Reads a subject's record and returns a tuple containing the signal and labels.

(Required) Method should be provided by the user.


Name Type Description Default
record str

The path to the subject's record.



Type Description

Tuple[np.array, np.array]: A tuple containing the signal and labels with shapes [n_windows, n_channels, n_timestamps] and [n_windows], respectively. If the record should be skipped, the function should return None, None.

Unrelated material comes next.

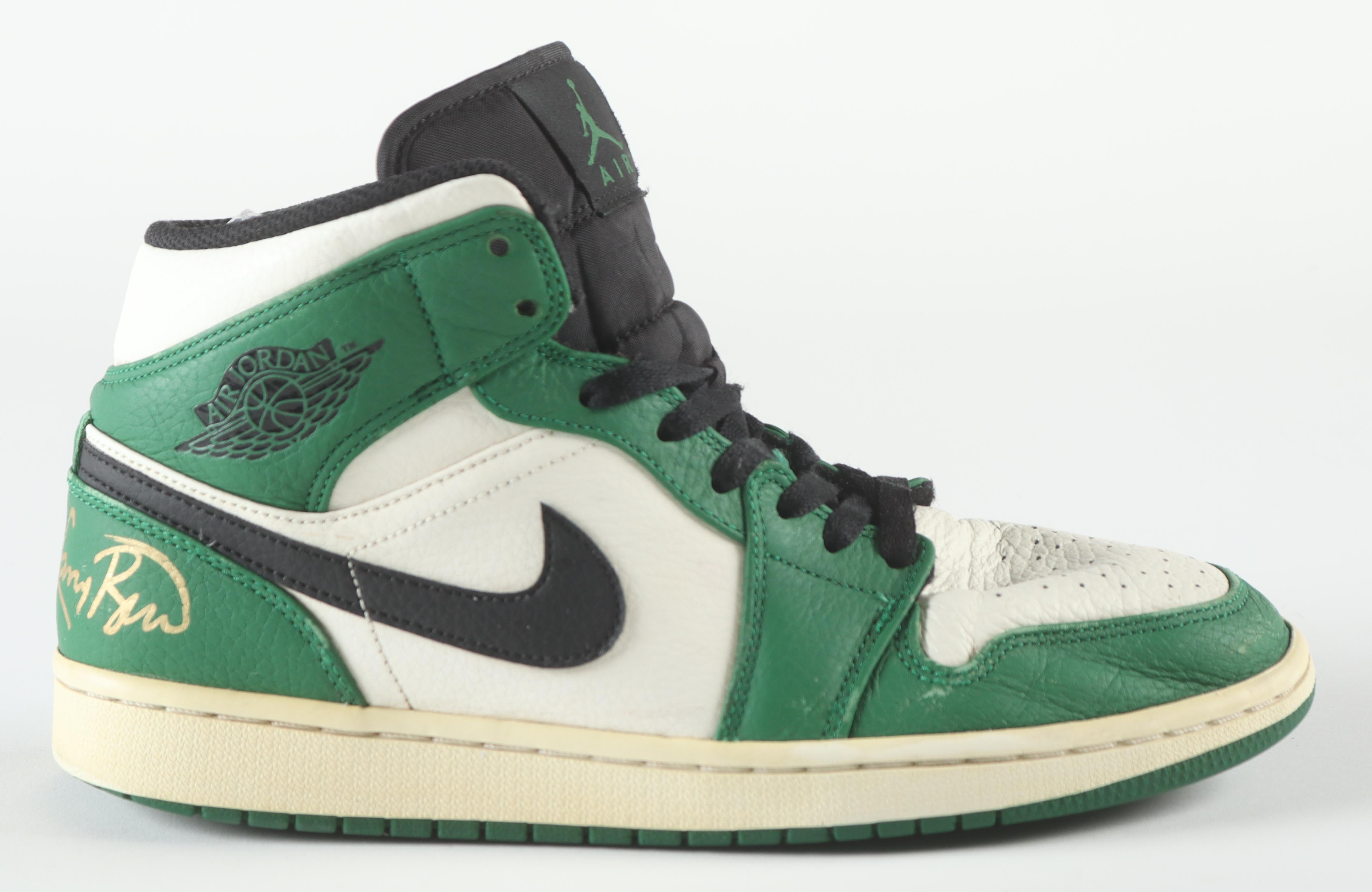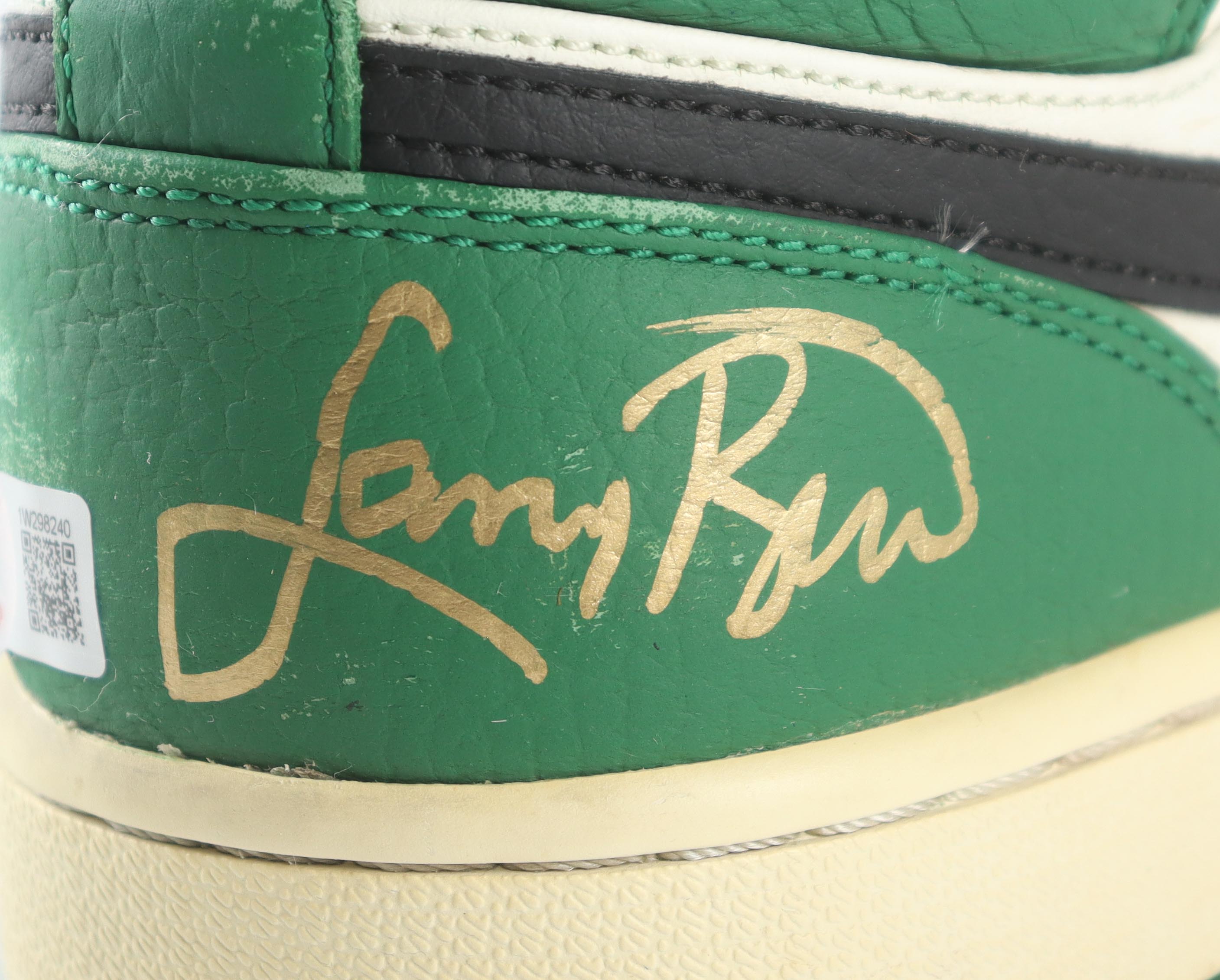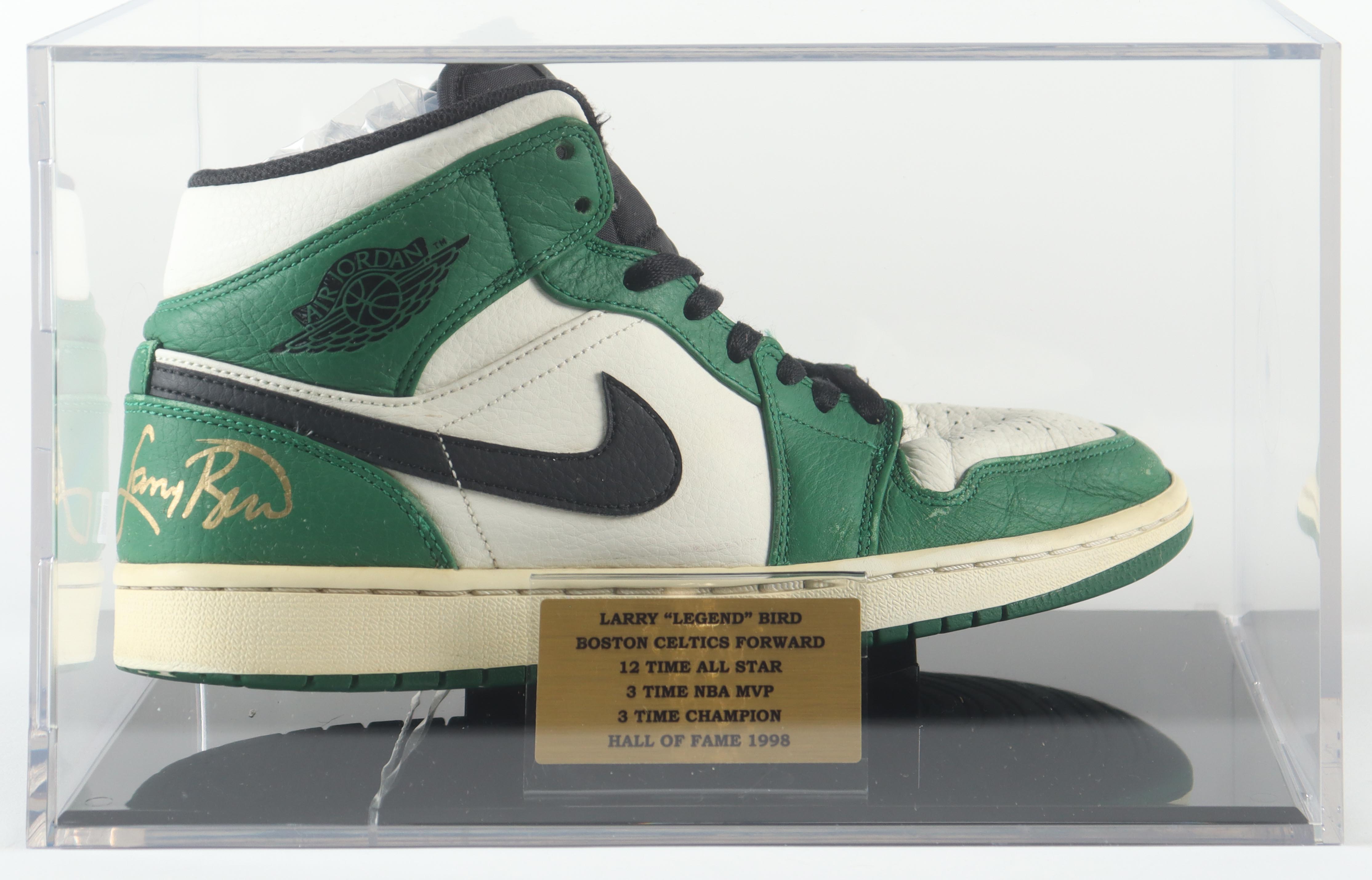 Nike Air Jordan 1 basketball shoes. Hand-signed by Larry Bird (Boston Celtics, HOF). Display case comes as shown. Please refer to photos for the condition of the shoe.

Downloads the dataset if it is not already present on disk.

(Optional) Method to be implemented by the user.


Customizes the dataset table before saving it.

(Optional) Method to be provided by the user.


Name Type Description Default
table DataFrame

The dataset table to be customized.



Type Description

pd.DataFrame: The customized dataset table.


Returns the train, validation, and test subjects.

(Optional) Method to be provided by the user. By default, the method splits the subjects randomly with 70% for training, 15% for validation, and 15% for testing.


Type Description

Tuple[List, List, List]: A tuple containing the train, validation, and test subjects.